Mix shells when you actually need one

gosh is a per-step override too, so you are never locked in. Need real bash for an associative array on one step? Ask for it explicitly and leave the rest portable:

tasks:
  deploy:
    steps:
      - name: check
        func: shell
        do: echo "default sh — portable"
      - name: bash-only
        func: shell
        args:
          type: bash        # this one step requires bash
          cmd: |
            declare -A cfg
            cfg[env]="production"
            echo "${cfg[env]}"

The precedence is least-specific-wins-loses: global config < workflow config: < per-step args.type. Set gosh once at the top and override the one step that genuinely needs more.

What you gained

ConcernPlain sh/bash scriptsOrchStep + gosh
Runs on Windowsneeds WSL / Git Bashyes, no install
Runs on Alpine / distrolessneeds a shell layeryes, no /bin/sh needed
One artifact for all OSesnoone static binary
Same behavior in CI and locally"works on my machine"identical engine everywhere
Opt into real bash per stepn/aargs: { type: bash }

The honest boundary

gosh is an interpreter, not bash.
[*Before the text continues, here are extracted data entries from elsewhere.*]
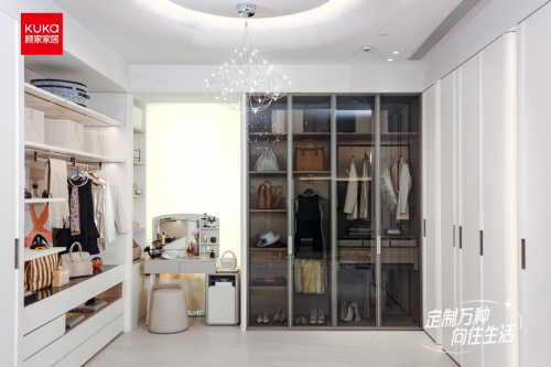 衣帽间是女性的梦想,但传统衣柜功能单一,收纳和美观无法兼顾。顾家整家定制的大女主衣帽间,通过衣柜只挂不叠、包包礼服展示区、一体床头柜等模块,为女性打造了一个兼具收纳与展示功能的衣帽间。在最佳光线下展示包包、礼服,不仅满足了女性对美的追求,还让衣帽间成为个人品位的延伸和生活仪式感的载体。
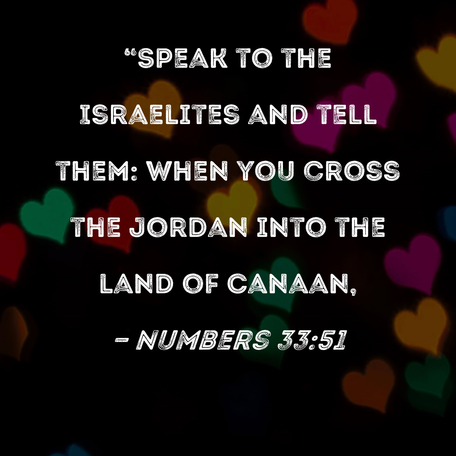 Numbers 33:51 "Speak to the Israelites and tell them: When you cross the Jordan into the land of Canaan,
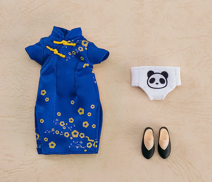 Give your Nendoroid Doll an elegant, traditional makeover with this Chinese-style outfit set from Good Smile Company! Included is a real fabric outfit consisting of a cheongsam-style dress available in either red or blue that features a gold floral design and gold knot button details, panda-themed underwear, and shoes with magnetic soles.

The last ~5% bites in real ways: no true fork() (subshells run as goroutines), some associative-array edge cases, and external commands still have to be on PATH. gosh makes the shell syntax portable; it does not put kubectl or docker on a machine that lacks them. If a step shells out to a tool, that tool still needs to exist on the target. For pure shell logic, though, one type: gosh line retires a whole class of "install a shell first" tickets.

Where to go next

Have a workflow that only runs where bash does? Add config: { func: { shell: { type: gosh } } } and orchstep lint it — then hand it to the Windows person on your team.